We ontwikkelden een op fluorescentie gebaseerde endonuclease-gekoppelde DNA-methylatietest die gebruik maakt van een enkel commercieel beschikbaar koppelingsenzym en in realtime gegevens kan genereren (figuur 1). Een haarspeld oligonucleotide met drie methylcytosines wordt gebruikt als substraat. Het substraat-DNA bevat een fluorofoor aan het 5′-uiteinde en een quencher aan het 3′-uiteinde. Methylering van de gehemimethyleerde CpG-site genereert de splitsingsplaats voor de endonuclease Gla I – volledig gemethyleerde GCGC. Gla I splitsing van het product oligonucleotide geeft de fluorofoor vrij uit de quencher en genereert fluorescentie in real time. De test kan worden gebruikt om de activiteit van elke isovorm van DNMT te onderzoeken; er wordt echter een hogere activiteit waargenomen met DNMT1, omdat dit isozym bij voorkeur gehemimethyleerd DNA ^1,5 methyleert. Nog robuustere activiteit wordt waargenomen als het RFTS-domein (Autoinhibitory Replication Foci Targeting Sequence) wordt verwijderd uit DNMT1. Dit domein, gevonden in het N-terminale regulatoire gebied, bindt aan de katalytische plaats en voorkomt DNA-binding.
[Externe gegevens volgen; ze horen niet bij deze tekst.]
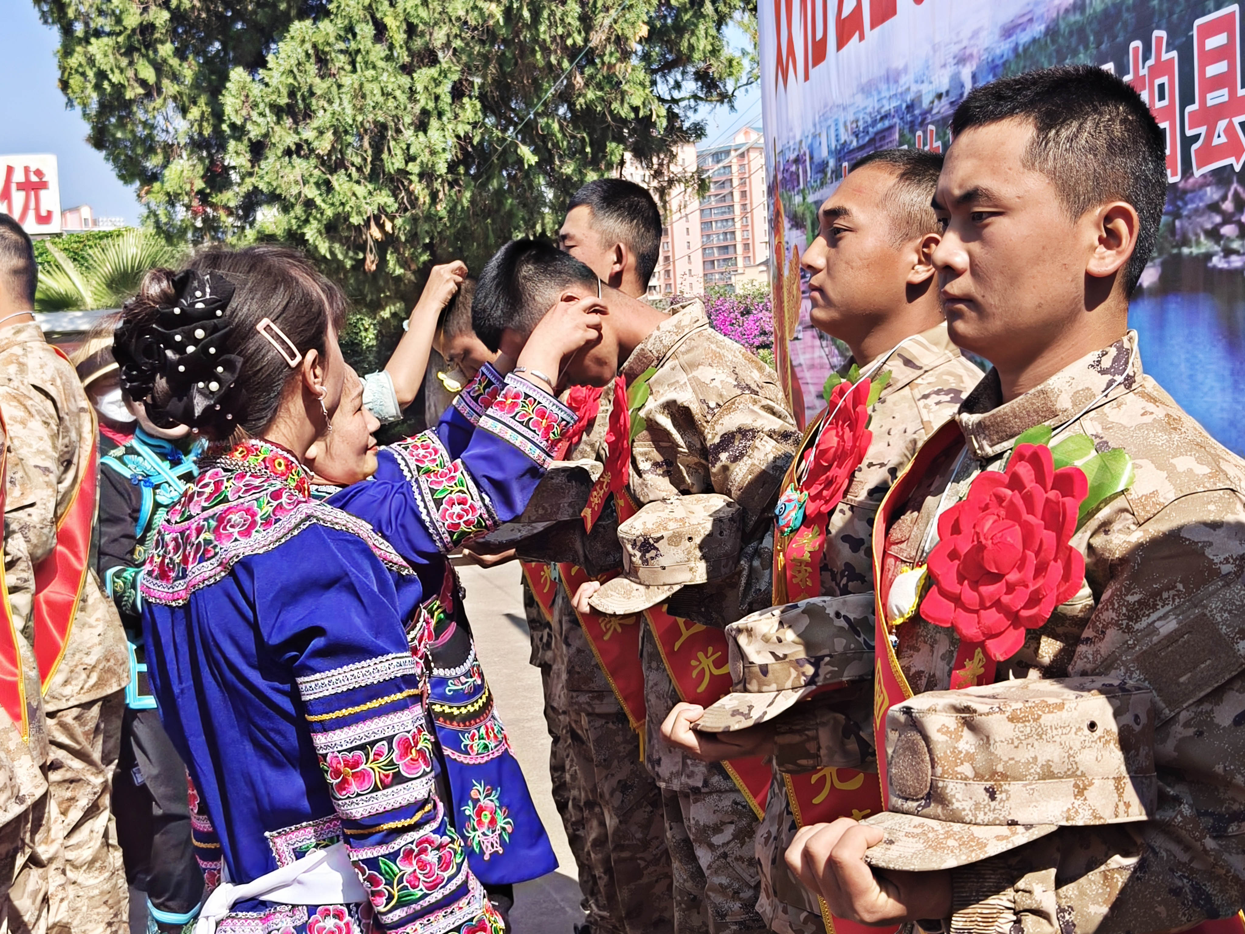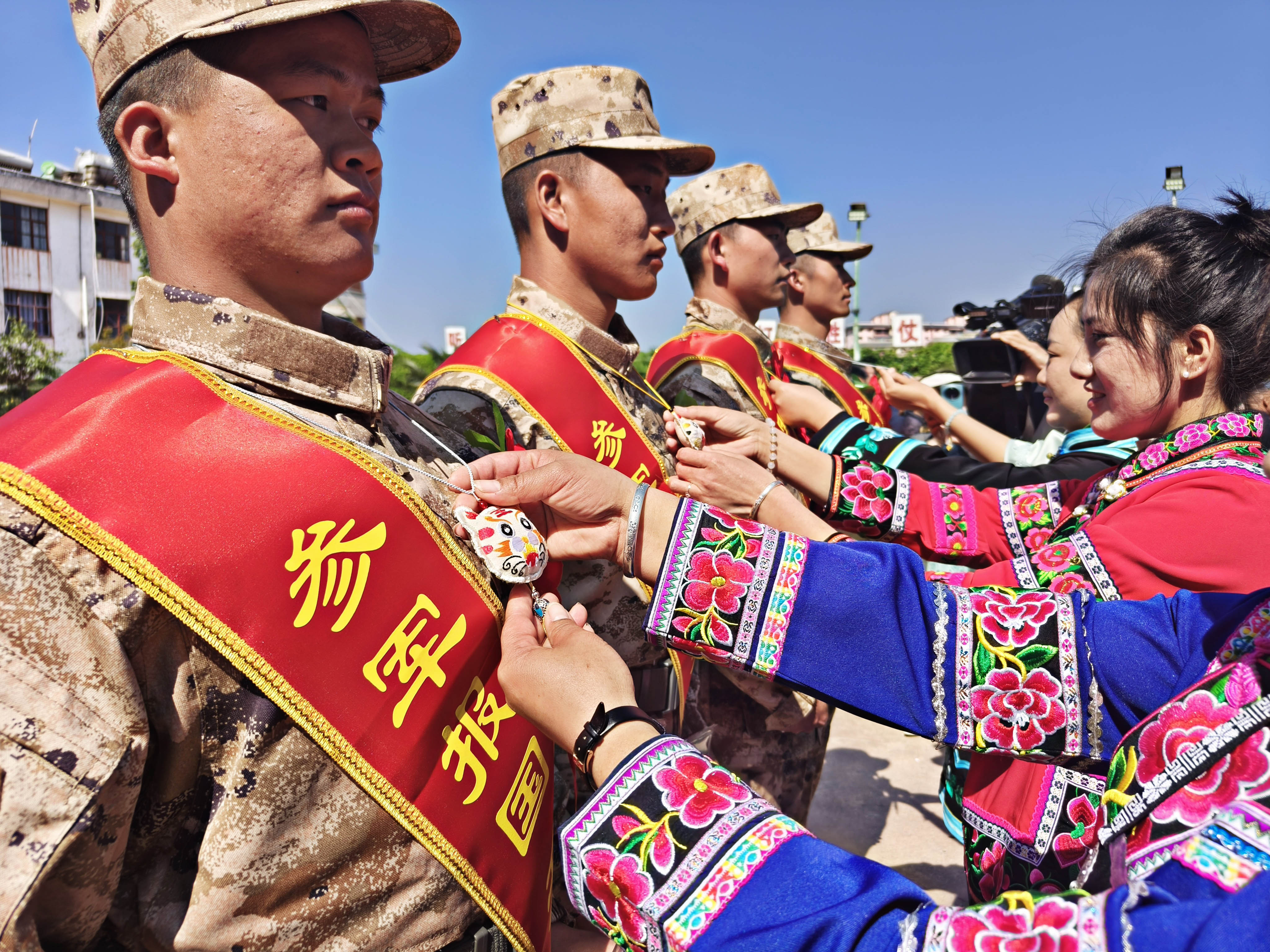 虽然只是一个小小的彝绣荷包,但它承载着家乡父老乡亲满满的爱意和殷切期望,同时深刻的表达了“绣娘”们的拥军之情,希望即将启程的孩子们时刻牢记国家和人民的利益高于一切,坚定信念,奋勇拼搏,发扬好双柏好男儿能吃苦,能战斗的精神,争取早日把自己塑造成为一名“听党指挥、能打胜仗、作风优良”的新时代军人,以良好的作风、过硬的素质、崭新的面貌和优异的成绩,为祖国国防建设作出自己的贡献。
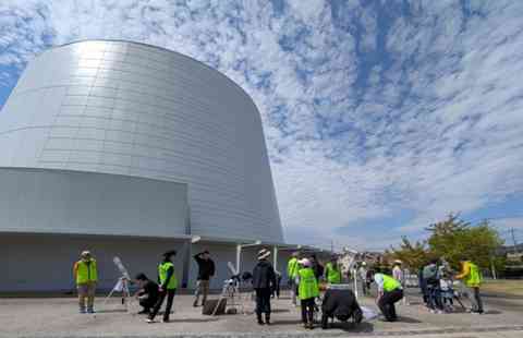 5月3日 仙台天文同好会メンバーによるの太陽観望会を仙台市天文台にて行いました。太陽活動が活発な周期にあり肉眼で確認できる大きな黒点やプロミネンスを多くの方に楽しんでいただきました。参加された同好会メンバーは12人、風はありましたが暖かい日で気持ちの良い休日を過ごせました。

Verwijdering van de eerste ~ 600 aminozuren resulteert in een afgeknotte enzym dat aanzienlijk actiever is dan het enzym over de volledige lengte (~ 640-voudige toename van k_cat / K_m)⁴⁰. Deze geactiveerde vorm van het enzym, aangeduid als RFTS-ontbrekende DNMT1 (aminozuren 621-1616), maakt de gemakkelijkere identificatie van remmers mogelijk vanwege de verhoogde katalytische kracht. Dit artikel presenteert een protocol om RFTS-ontbrekende DNMT1 te gebruiken in assays om te screenen op potentiële remmers van kleine moleculen. Met behulp van de endonuclease-gekoppelde continue assay wordt de beginsnelheid bepaald in de aan- en afwezigheid van enkele kleine moleculen. Elke potentiële remmer wordt onderzocht bij twee concentraties om te zoeken naar concentratieafhankelijke DNMT1-remming. Het percentage activiteit waargenomen in de aanwezigheid van de kleine moleculen werd in elk geval berekend.
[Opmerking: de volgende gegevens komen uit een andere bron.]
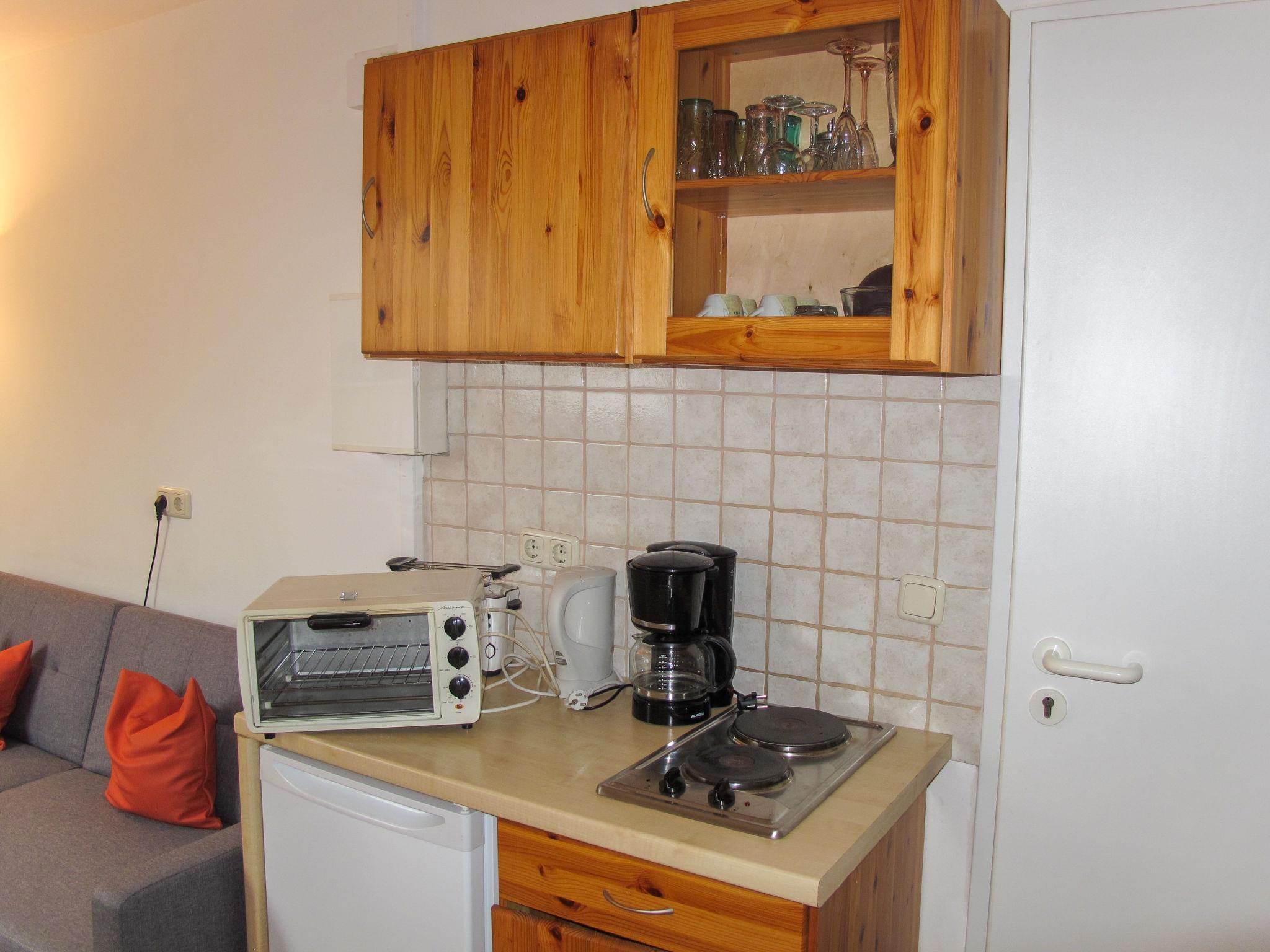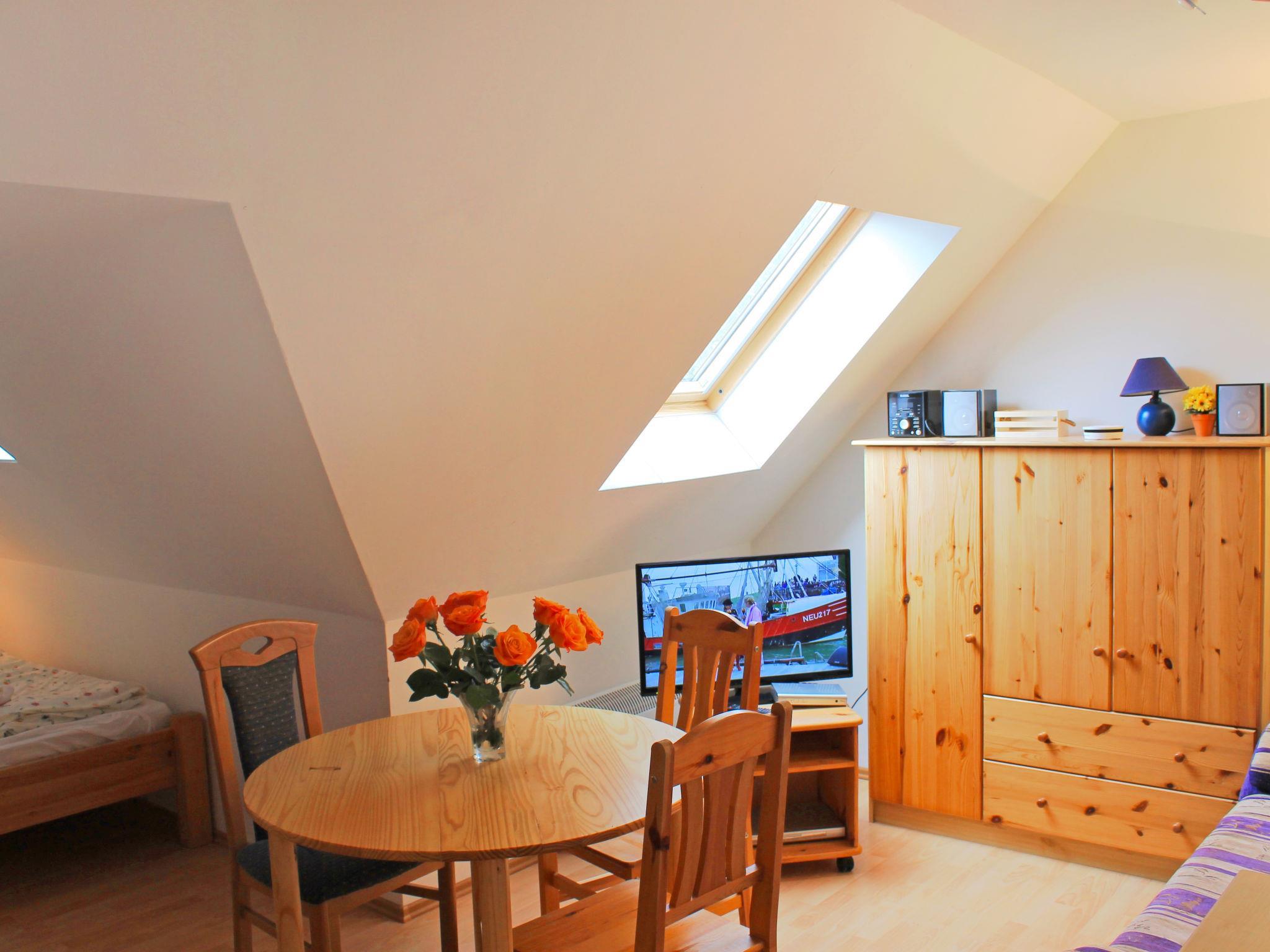 1-room apartment 20 m2 on 2nd floor. Living/sleeping room with sloping ceilings with 2 beds (90 cm, length 200 cm), satellite TV (flat screen), DVD. Kitchenette (2 hot plates, electric coffee machine). Shower/WC. Electric heating. Facilities: Internet (WiFi, free). Please note: non-smokers only. Smoke alarm. Kitchenette without own water supply.

Figuur 1: DNA-methylatietest. Een gehemimethyleerd haarspeld-DNA met een fluorofoor aan het 5′-uiteinde en een quencher aan het 3′-uiteinde wordt als substraat gebruikt. DNMT1 katalyseert de overdracht van de methylgroep van S-adenosylmethionine naar de niet-gemethyleerde CpG-site, waarbij S-adenosylhomocysteïne en volledig gemethyleerd DNA wordt gegenereerd. Het DNA-product bevat de splitsingsplaats voor het endonuclease Gla I, dat volledig gemethyleerde GCGC-sites splijt. Splitsing van het product DNA geeft de 5′ fluorofoor vrij uit de 3′ quencher, waardoor fluorescentie ontstaat. Afkortingen: Fl = fluorofoor; Q =quencher; DNMT1 = DNA methyltransferase 1; SAM = S-adenosylmethionine; SAH = S-adenosylhomocysteïne. Klik hier om een grotere versie van deze figuur te bekijken.